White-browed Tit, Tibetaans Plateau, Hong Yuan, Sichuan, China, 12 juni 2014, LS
□ □ □ □
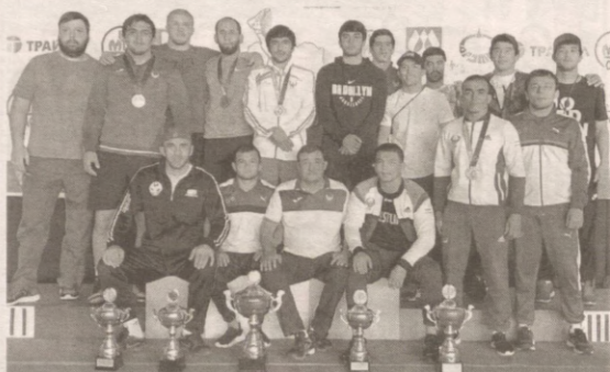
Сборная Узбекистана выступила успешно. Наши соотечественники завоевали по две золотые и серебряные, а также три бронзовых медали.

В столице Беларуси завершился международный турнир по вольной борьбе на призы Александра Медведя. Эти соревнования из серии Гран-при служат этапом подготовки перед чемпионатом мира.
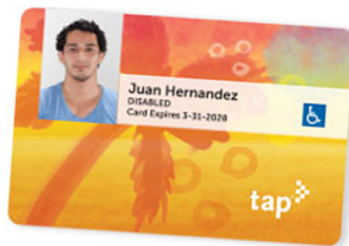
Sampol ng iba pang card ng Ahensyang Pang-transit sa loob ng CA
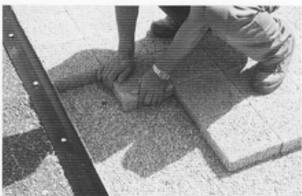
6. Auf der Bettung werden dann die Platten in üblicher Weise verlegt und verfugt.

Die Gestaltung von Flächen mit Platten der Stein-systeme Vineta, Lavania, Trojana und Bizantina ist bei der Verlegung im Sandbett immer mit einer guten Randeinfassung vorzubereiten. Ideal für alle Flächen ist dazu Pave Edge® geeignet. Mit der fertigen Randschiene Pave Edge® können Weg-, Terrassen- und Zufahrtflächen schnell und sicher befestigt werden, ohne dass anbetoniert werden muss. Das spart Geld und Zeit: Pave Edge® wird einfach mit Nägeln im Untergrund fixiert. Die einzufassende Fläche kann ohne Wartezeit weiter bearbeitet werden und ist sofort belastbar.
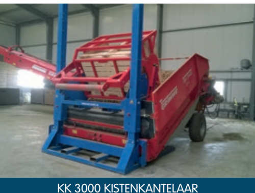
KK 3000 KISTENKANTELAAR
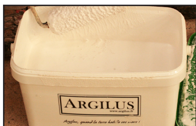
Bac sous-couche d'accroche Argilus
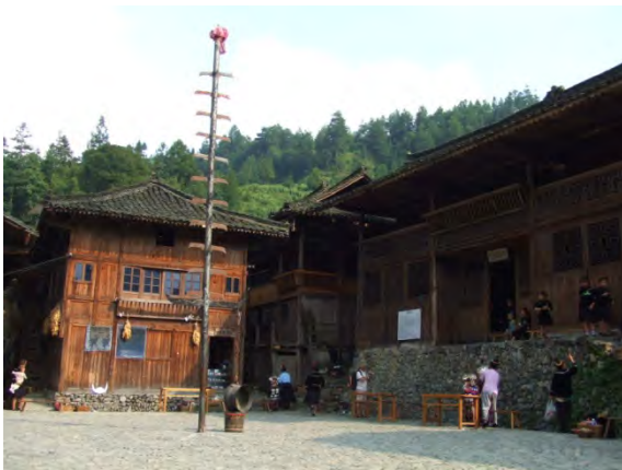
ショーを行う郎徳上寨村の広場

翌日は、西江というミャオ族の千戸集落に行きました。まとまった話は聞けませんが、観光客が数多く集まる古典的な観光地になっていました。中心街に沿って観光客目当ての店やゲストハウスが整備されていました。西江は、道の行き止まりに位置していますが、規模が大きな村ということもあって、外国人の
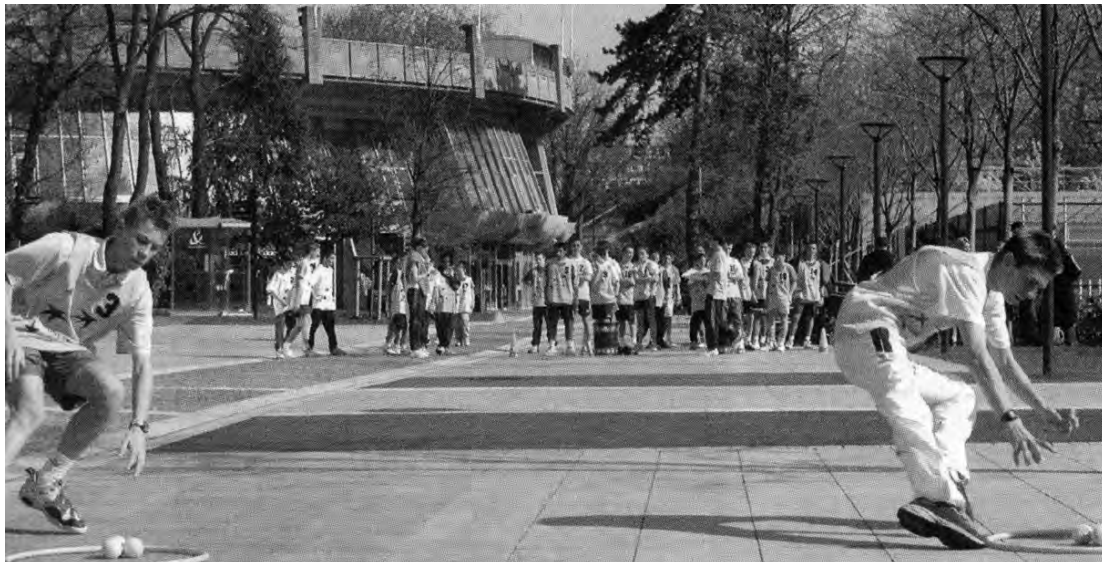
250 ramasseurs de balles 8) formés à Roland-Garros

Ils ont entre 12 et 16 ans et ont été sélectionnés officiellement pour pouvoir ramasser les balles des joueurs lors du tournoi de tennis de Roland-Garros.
□ □ □ □
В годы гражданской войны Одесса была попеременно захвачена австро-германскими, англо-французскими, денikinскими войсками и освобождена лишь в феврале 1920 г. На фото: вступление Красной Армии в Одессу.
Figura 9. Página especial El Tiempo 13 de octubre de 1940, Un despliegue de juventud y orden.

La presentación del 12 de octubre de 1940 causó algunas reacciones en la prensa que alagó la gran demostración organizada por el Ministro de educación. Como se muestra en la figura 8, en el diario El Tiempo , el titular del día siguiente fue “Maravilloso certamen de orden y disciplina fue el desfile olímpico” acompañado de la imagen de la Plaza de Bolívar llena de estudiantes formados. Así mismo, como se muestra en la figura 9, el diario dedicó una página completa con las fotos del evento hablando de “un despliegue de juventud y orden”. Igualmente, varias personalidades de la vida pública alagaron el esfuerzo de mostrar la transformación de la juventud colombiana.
□ □ □ □
In the data above, take the line with "Sampol ng iba", the line with "6. Auf der Bettung", and every line between, and set them down exactly without pictures.

Sampol ng iba pang card ng Ahensyang Pang-transit sa loob ng CA
6. Auf der Bettung werden dann die Platten in üblicher Weise verlegt und verfugt.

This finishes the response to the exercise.